(Recorded data)
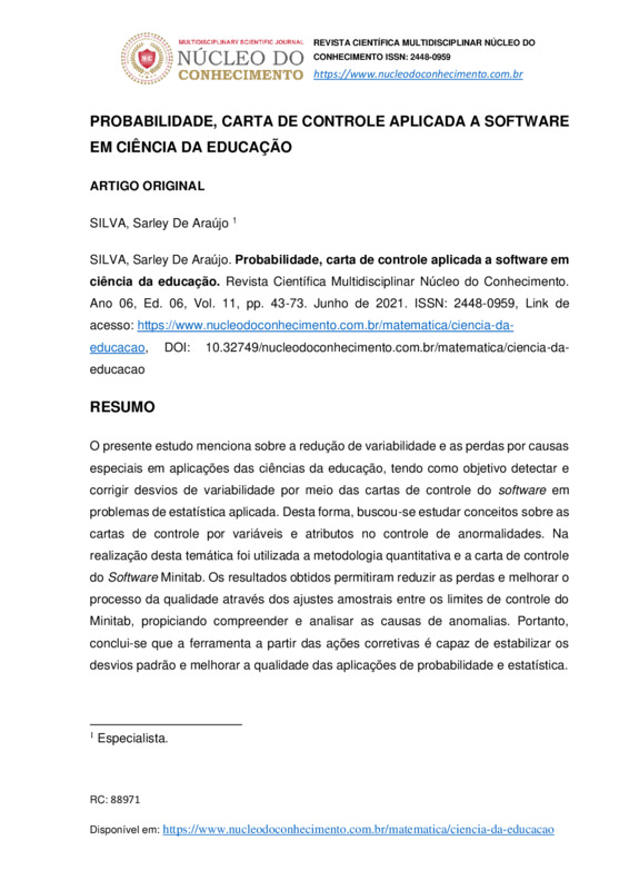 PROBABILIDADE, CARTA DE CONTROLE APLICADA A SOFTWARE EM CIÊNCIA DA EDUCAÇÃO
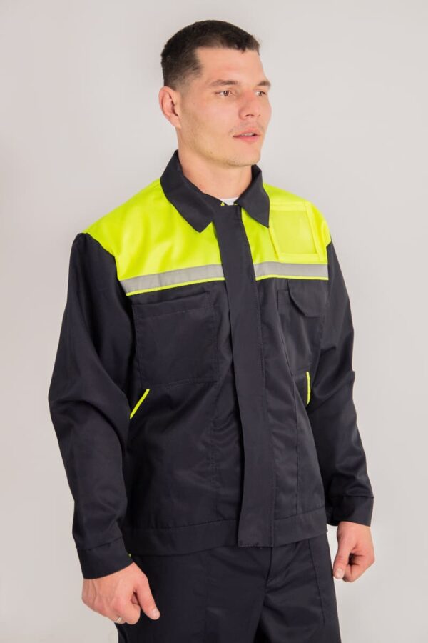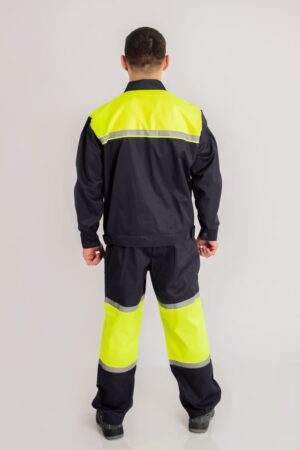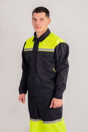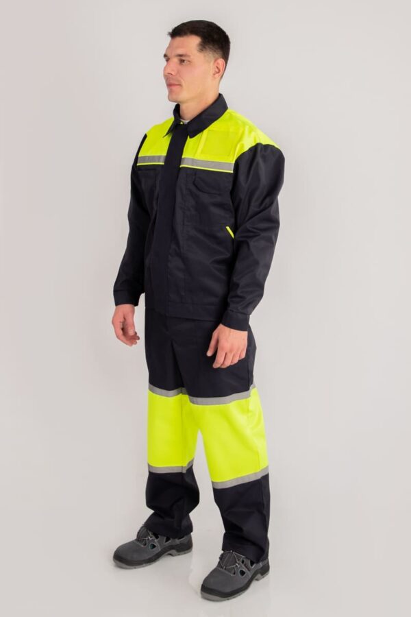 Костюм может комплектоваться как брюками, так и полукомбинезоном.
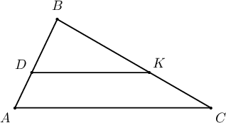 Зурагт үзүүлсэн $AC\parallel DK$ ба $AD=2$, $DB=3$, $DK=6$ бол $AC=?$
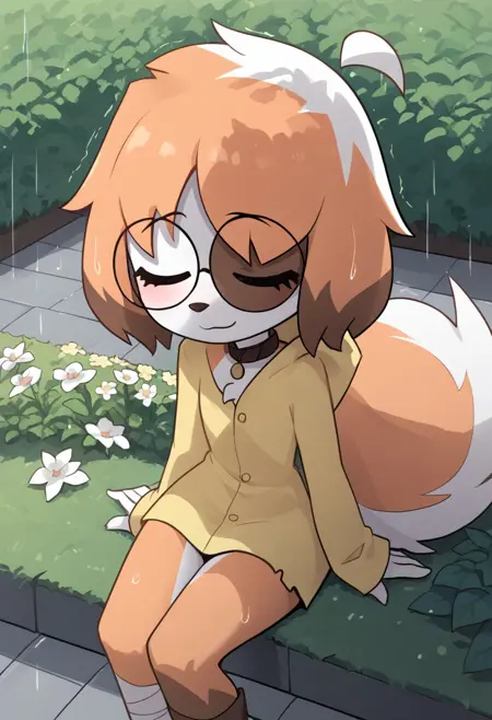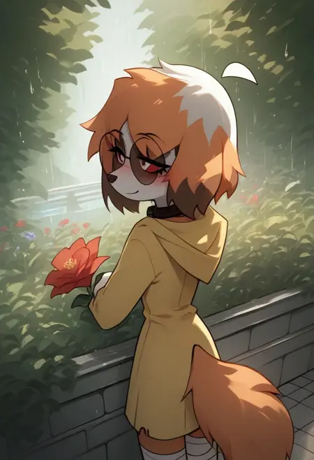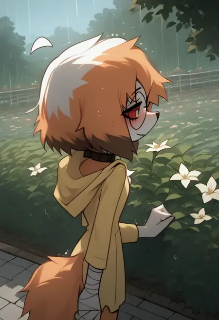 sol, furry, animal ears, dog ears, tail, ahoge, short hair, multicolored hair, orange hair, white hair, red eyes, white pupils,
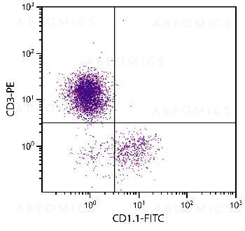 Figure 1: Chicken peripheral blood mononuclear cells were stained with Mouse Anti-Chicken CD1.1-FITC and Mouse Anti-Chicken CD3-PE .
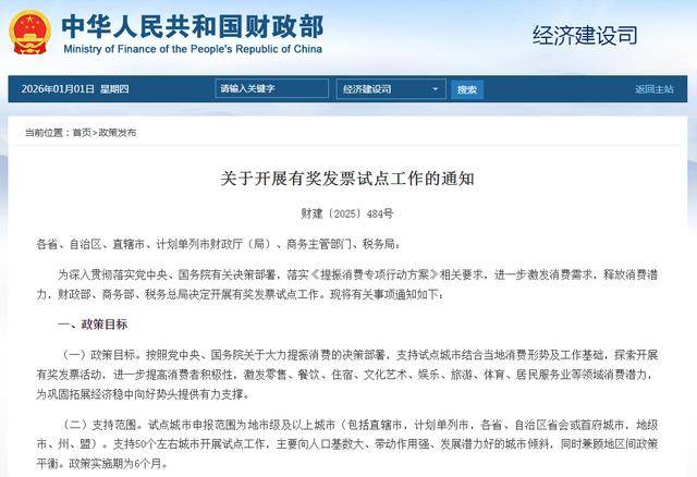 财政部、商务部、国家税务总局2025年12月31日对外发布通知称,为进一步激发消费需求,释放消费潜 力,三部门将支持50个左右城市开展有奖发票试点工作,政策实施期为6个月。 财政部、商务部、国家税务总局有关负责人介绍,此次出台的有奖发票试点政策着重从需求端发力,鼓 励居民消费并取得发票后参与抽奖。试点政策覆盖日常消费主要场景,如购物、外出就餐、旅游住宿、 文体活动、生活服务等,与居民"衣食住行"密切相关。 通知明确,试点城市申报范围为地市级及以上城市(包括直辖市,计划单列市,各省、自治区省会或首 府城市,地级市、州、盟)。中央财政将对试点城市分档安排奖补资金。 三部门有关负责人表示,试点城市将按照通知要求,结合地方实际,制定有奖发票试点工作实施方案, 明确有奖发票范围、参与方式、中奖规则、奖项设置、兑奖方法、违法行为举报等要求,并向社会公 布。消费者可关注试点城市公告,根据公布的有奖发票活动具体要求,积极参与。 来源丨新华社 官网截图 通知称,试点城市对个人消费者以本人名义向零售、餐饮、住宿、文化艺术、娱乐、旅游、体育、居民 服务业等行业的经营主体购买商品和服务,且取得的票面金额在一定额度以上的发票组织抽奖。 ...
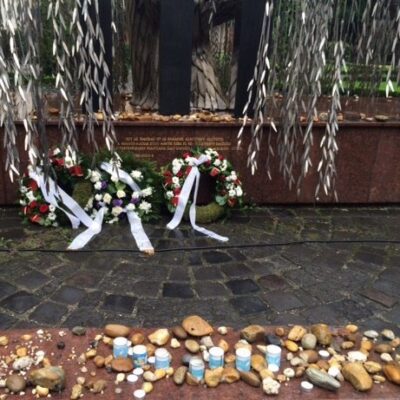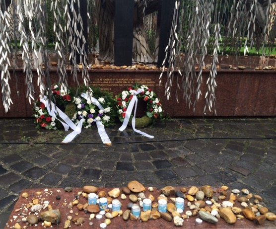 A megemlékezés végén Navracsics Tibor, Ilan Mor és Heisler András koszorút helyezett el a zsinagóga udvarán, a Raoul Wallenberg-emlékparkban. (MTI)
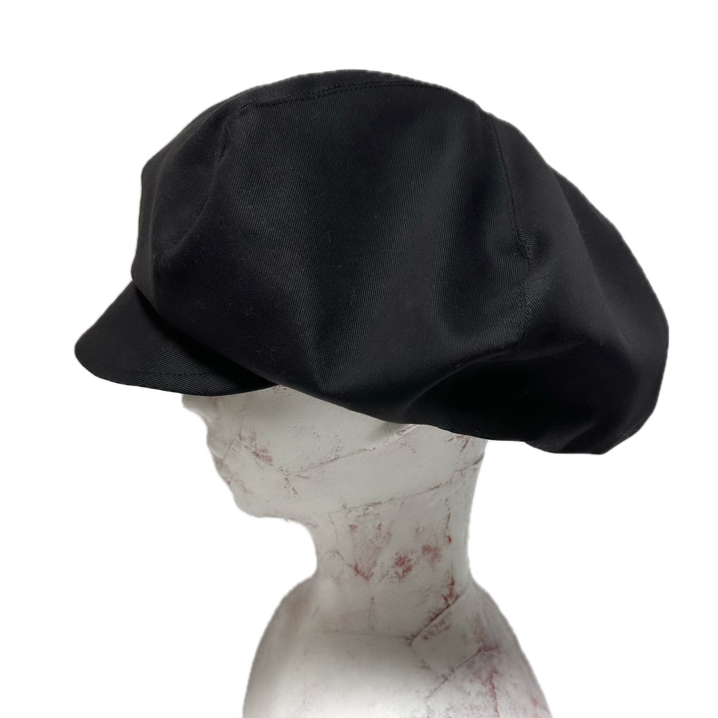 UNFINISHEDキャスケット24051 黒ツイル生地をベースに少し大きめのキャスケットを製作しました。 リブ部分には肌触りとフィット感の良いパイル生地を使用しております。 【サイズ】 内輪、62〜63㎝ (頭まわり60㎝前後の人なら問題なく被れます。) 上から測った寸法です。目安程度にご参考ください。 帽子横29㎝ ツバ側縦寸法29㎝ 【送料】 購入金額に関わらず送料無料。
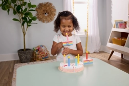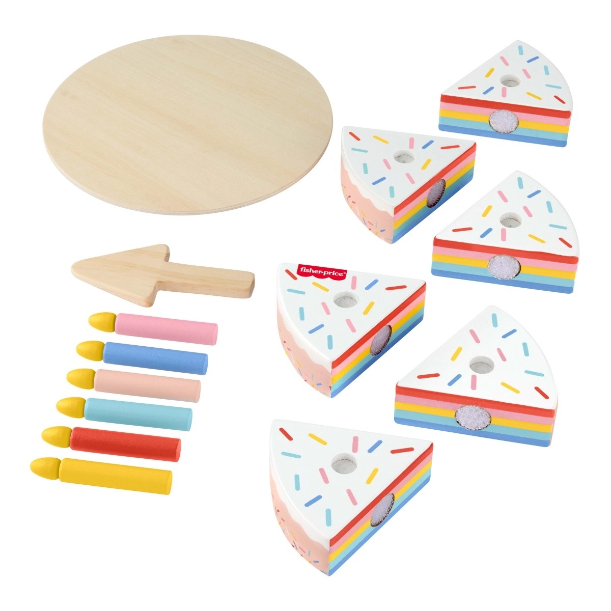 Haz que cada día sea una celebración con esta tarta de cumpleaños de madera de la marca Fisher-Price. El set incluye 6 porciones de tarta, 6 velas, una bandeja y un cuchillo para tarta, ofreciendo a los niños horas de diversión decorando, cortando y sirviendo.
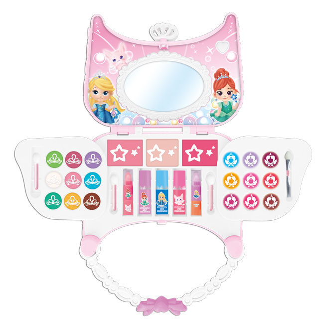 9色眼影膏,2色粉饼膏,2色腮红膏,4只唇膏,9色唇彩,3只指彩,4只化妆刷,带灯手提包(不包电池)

## Task
From the first line to the last, output the data exactly, without the pictures.

## Result for this exercise
 PROBABILIDADE, CARTA DE CONTROLE APLICADA A SOFTWARE EM CIÊNCIA DA EDUCAÇÃO
 Костюм может комплектоваться как брюками, так и полукомбинезоном.
 Зурагт үзүүлсэн $AC\parallel DK$ ба $AD=2$, $DB=3$, $DK=6$ бол $AC=?$
 sol, furry, animal ears, dog ears, tail, ahoge, short hair, multicolored hair, orange hair, white hair, red eyes, white pupils,
 Figure 1: Chicken peripheral blood mononuclear cells were stained with Mouse Anti-Chicken CD1.1-FITC and Mouse Anti-Chicken CD3-PE .
 财政部、商务部、国家税务总局2025年12月31日对外发布通知称,为进一步激发消费需求,释放消费潜 力,三部门将支持50个左右城市开展有奖发票试点工作,政策实施期为6个月。 财政部、商务部、国家税务总局有关负责人介绍,此次出台的有奖发票试点政策着重从需求端发力,鼓 励居民消费并取得发票后参与抽奖。试点政策覆盖日常消费主要场景,如购物、外出就餐、旅游住宿、 文体活动、生活服务等,与居民"衣食住行"密切相关。 通知明确,试点城市申报范围为地市级及以上城市(包括直辖市,计划单列市,各省、自治区省会或首 府城市,地级市、州、盟)。中央财政将对试点城市分档安排奖补资金。 三部门有关负责人表示,试点城市将按照通知要求,结合地方实际,制定有奖发票试点工作实施方案, 明确有奖发票范围、参与方式、中奖规则、奖项设置、兑奖方法、违法行为举报等要求,并向社会公 布。消费者可关注试点城市公告,根据公布的有奖发票活动具体要求,积极参与。 来源丨新华社 官网截图 通知称,试点城市对个人消费者以本人名义向零售、餐饮、住宿、文化艺术、娱乐、旅游、体育、居民 服务业等行业的经营主体购买商品和服务,且取得的票面金额在一定额度以上的发票组织抽奖。 ...
 A megemlékezés végén Navracsics Tibor, Ilan Mor és Heisler András koszorút helyezett el a zsinagóga udvarán, a Raoul Wallenberg-emlékparkban. (MTI)
 UNFINISHEDキャスケット24051 黒ツイル生地をベースに少し大きめのキャスケットを製作しました。 リブ部分には肌触りとフィット感の良いパイル生地を使用しております。 【サイズ】 内輪、62〜63㎝ (頭まわり60㎝前後の人なら問題なく被れます。) 上から測った寸法です。目安程度にご参考ください。 帽子横29㎝ ツバ側縦寸法29㎝ 【送料】 購入金額に関わらず送料無料。
 Haz que cada día sea una celebración con esta tarta de cumpleaños de madera de la marca Fisher-Price. El set incluye 6 porciones de tarta, 6 velas, una bandeja y un cuchillo para tarta, ofreciendo a los niños horas de diversión decorando, cortando y sirviendo.
 9色眼影膏,2色粉饼膏,2色腮红膏,4只唇膏,9色唇彩,3只指彩,4只化妆刷,带灯手提包(不包电池)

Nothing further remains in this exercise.